Studio album by Joey Valence & Brae
- Released: August 15, 2025
- Length: 43:57
- Label: RCA
- Producer: Joey Valence

Joey Valence & Brae chronology
| No Hands (2024) | Hyperyouth (2025) |  |

Alternative cover
- Hyperyouth (Afterparty)

Singles from Hyperyouth
- "Wassup" Released: June 13, 2025; ""Hyperyouth" / "Live Right"" Released: July 11, 2025; ""See U Dance"" Released: August 11, 2025;

= Hyperyouth =

Hyperyouth (stylized in all caps) is the third studio album by American rap duo Joey Valence & Brae. It was released on August 15, 2025, through RCA Records, marking the duo's major label debut. The album features guest appearances from TiaCorine, Rebecca Black, and JPEGMafia. Hyperyouth follows the duo's 2024 album No Hands and was supported by three singles: "Wassup", "Hyperyouth" / "Live Right", and "See U Dance".

Professional ratings
Review scores
| Source | Rating |
| Dork | Star |
| Kerrang! | Star |

== Background and recording ==
Hyperyouth follows Joey Valence & Brae's second studio album, No Hands, which was released in 2024. Their previous projects were self-released, but Hyperyouth was released under RCA.
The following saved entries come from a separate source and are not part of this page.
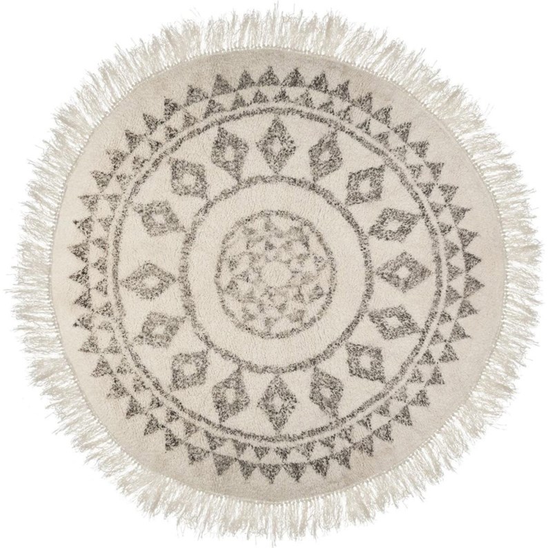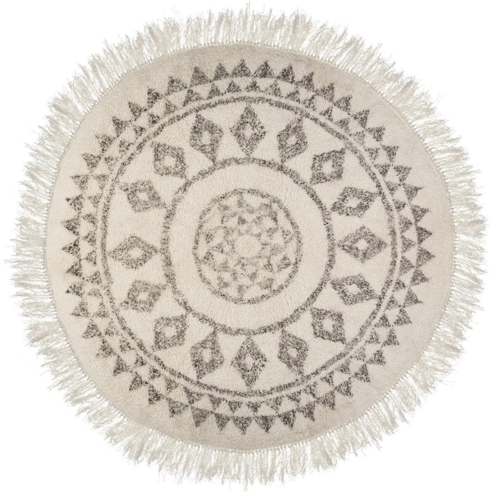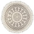 Magnifique grand tapis rond Etnik d'un diamètre de 120 cm avec franges et motifs graphiques géométriques. Pour réchauffer votre déco, adoptez immédiatement ce tapis ethnique en coton et polyester dans votre intérieur.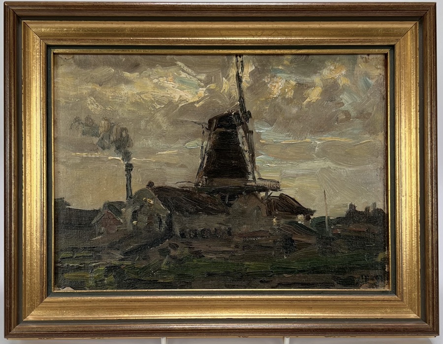 Olieverfschilderij, F.H. Bach, Haagse School – molenlandschap, ca. 1900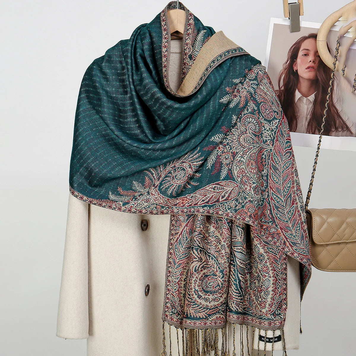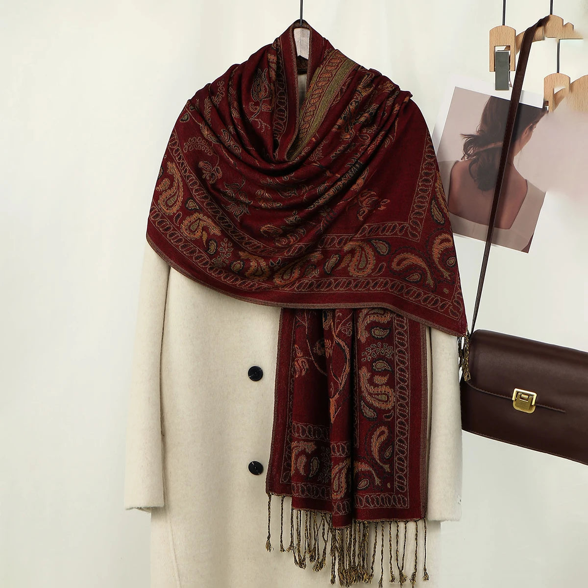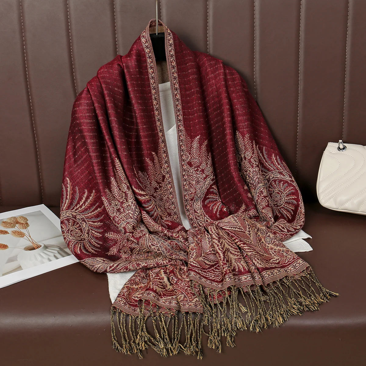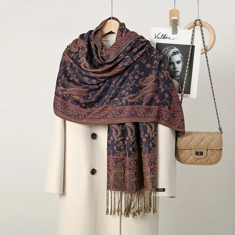 Dámská šál se vzorem s třásněmi ve více barvách na výběr.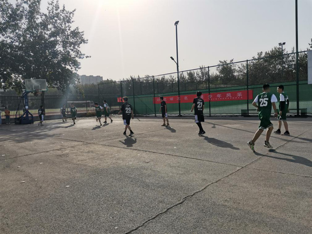 比赛分两轮进行,每轮比赛开始后,各对战班级都展现出极强的篮球天赋及团队精神,用自己的行动诠释着内心的激动与向往。在男生进行激烈的角逐之后,各队女球员进行定点投篮比赛,每队二十球,共计二十分,限时5分钟,得分计入比赛总成绩。各战队虽比分高低不等,但篮球场上始终充斥着欢呼声、加油声。

== Production and composition ==
Joey Valence & Brae chose the songs "Hyperyouth" and "Live Right" to announce the album as they felt they represented the tone and themes of the album from different perspectives. They described "Hyperyouth" as a high-energy, sample-heavy track that celebrates artists who inspired the duo, while "Live Right" is more anthemic and deals with growing up.
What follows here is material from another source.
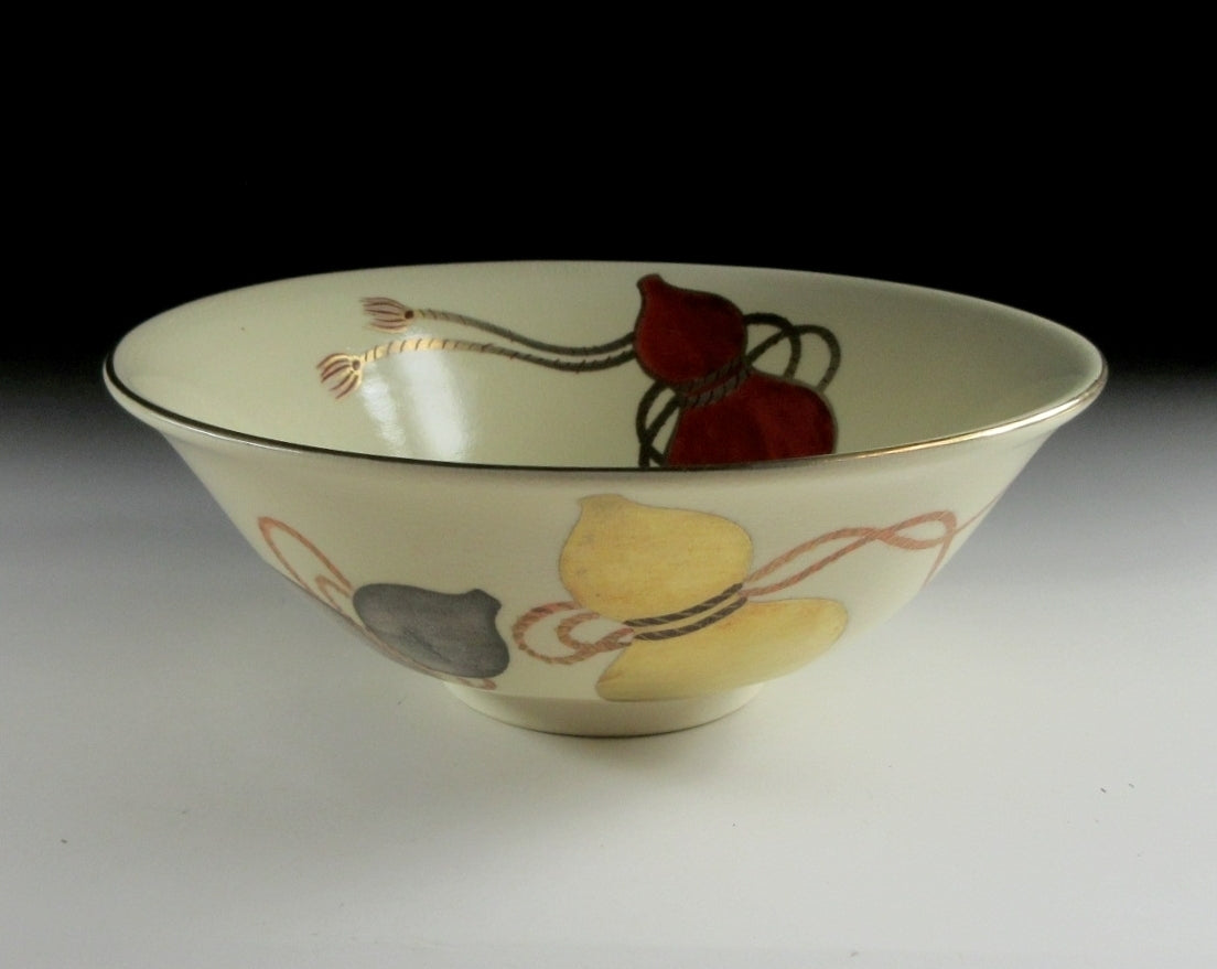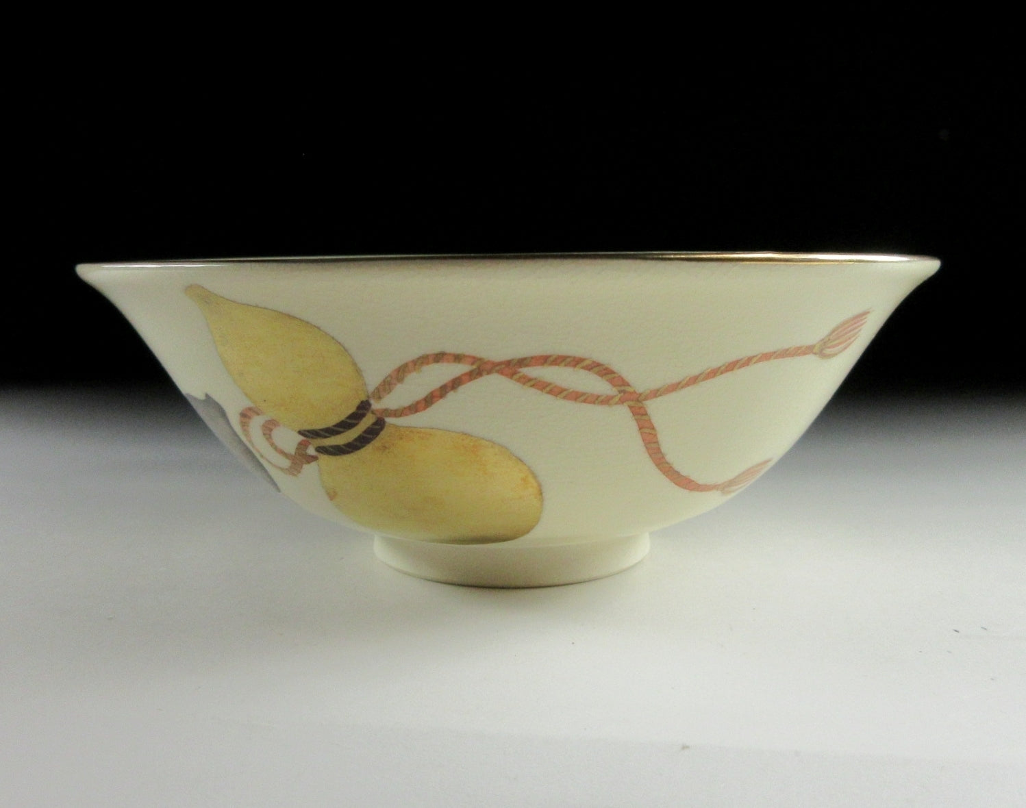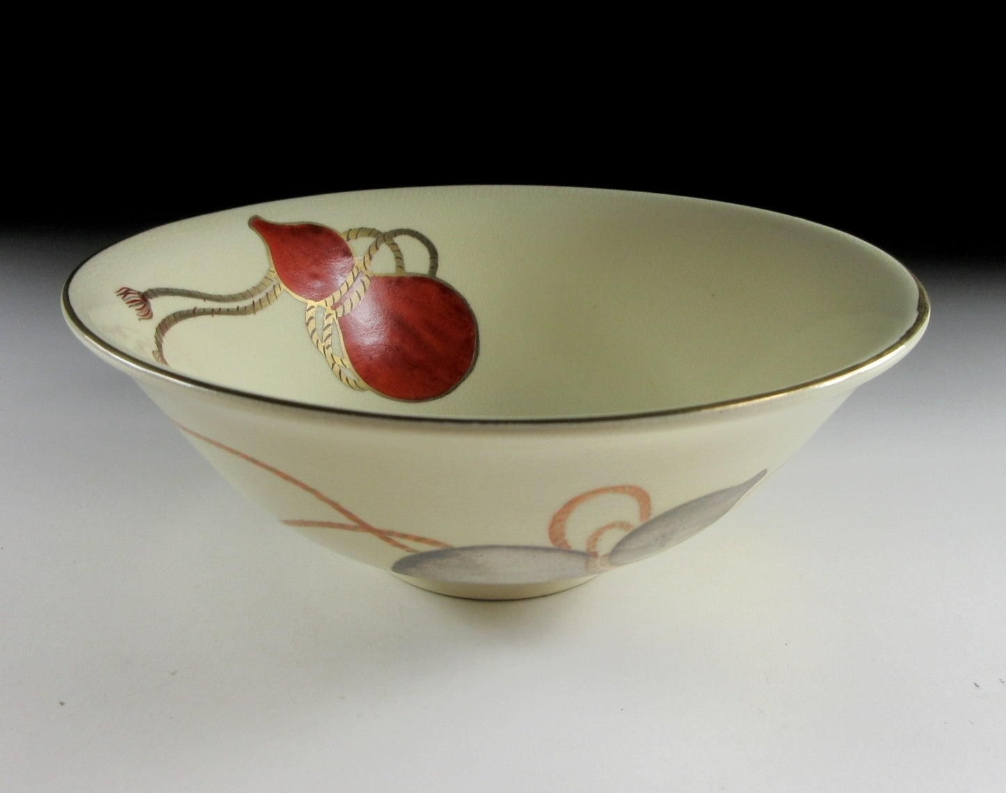 This listing is for a pleasant Kyo-ware chawan made around 20 years ago by noted potter, Yamakawa Iwao III. It is wheel-thrown and the flat hira type used during the summer season. Hira chawan are shallow bowls with low sides designed to cool tea down faster. The bowl in this listing is decorated with hand-painted gourds. The gourd, or hyotan as it is known in Japanese, is an auspicious symbol linked to longevity and fertility. Traditionally households grew gourds to use as flasks or containers, however the vines were also used to provide shade during the stifling summer heat. Gourds were also used as seed containers, and older Japanese will tell you that seeds kept in such containers were always fruitful. The stamp of the potter can be found on the bottom, and it comes with its original signed wooden storage box. It also comes with a stamped turmeric coloured wrapping cloth for when the item is not in use.

The duo have described it as an album about growing up. Joey Valence listed Nurture by Porter Robinson, Shock Value by Timbaland, The E.N.D. by the Black Eyed Peas, Brat by Charli XCX, Discovery by Daft Punk, Oracular Spectacular by MGMT, Graduation and My Beautiful Dark Twisted Fantasy by Kanye West, and Igor by Tyler, the Creator as influences on the album.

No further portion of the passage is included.